Instructions to follow ▸ In the entries below, find the line containing "Was den Häusern" and the line containing "Sertifikat Akreditasi Biologi". Copy those two lines and everything between them exactly, and only that.

Records for this exercise ▸
○ ○ ○

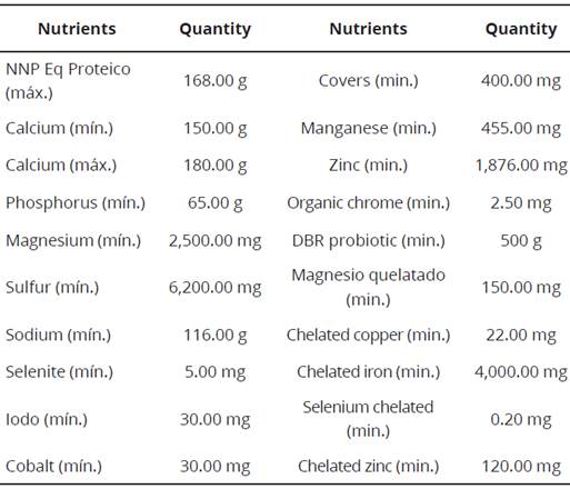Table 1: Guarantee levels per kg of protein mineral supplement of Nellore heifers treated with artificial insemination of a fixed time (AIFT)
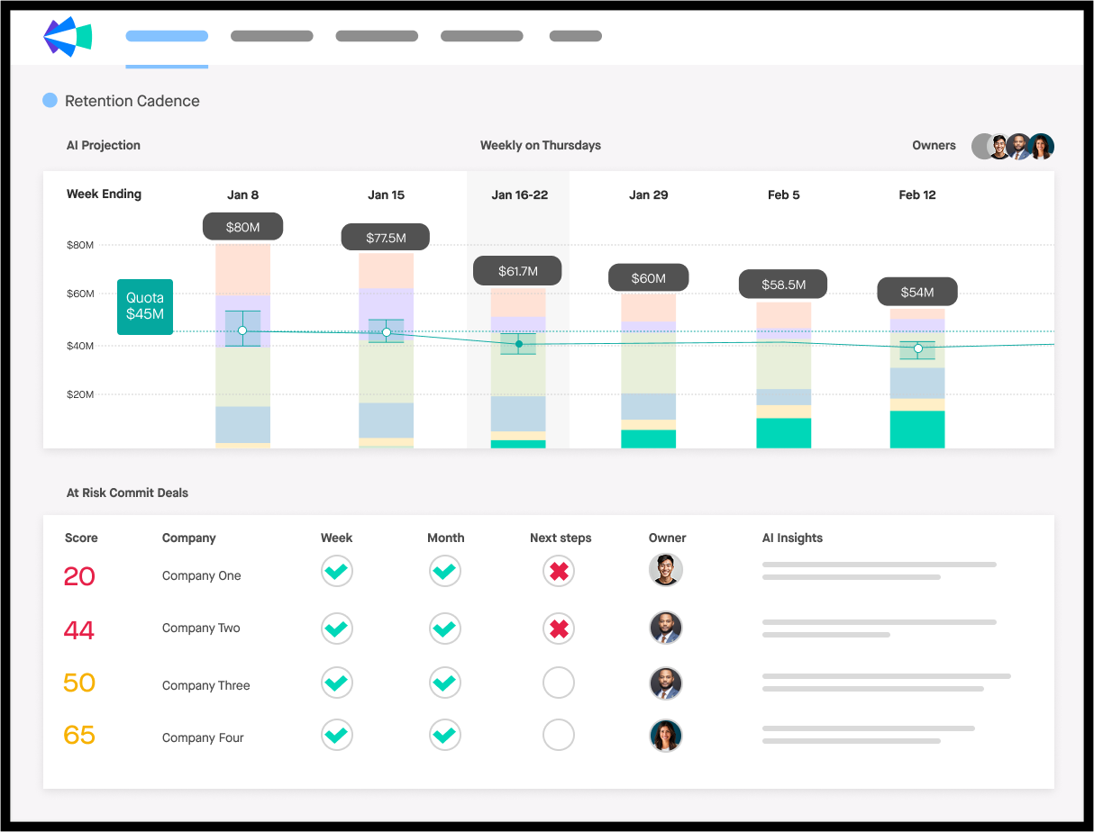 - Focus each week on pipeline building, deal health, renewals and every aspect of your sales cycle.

○ ○ ○

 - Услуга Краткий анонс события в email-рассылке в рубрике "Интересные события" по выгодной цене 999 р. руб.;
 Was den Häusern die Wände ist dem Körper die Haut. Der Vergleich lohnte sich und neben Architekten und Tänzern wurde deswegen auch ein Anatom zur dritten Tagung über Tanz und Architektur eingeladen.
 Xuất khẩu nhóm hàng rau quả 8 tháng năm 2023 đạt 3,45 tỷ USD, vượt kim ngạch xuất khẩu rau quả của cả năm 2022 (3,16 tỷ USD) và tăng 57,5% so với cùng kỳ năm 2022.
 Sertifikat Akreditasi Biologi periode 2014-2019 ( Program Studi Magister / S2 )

○ ○ ○

Final answer ▸
 Was den Häusern die Wände ist dem Körper die Haut. Der Vergleich lohnte sich und neben Architekten und Tänzern wurde deswegen auch ein Anatom zur dritten Tagung über Tanz und Architektur eingeladen.
 Xuất khẩu nhóm hàng rau quả 8 tháng năm 2023 đạt 3,45 tỷ USD, vượt kim ngạch xuất khẩu rau quả của cả năm 2022 (3,16 tỷ USD) và tăng 57,5% so với cùng kỳ năm 2022.
 Sertifikat Akreditasi Biologi periode 2014-2019 ( Program Studi Magister / S2 )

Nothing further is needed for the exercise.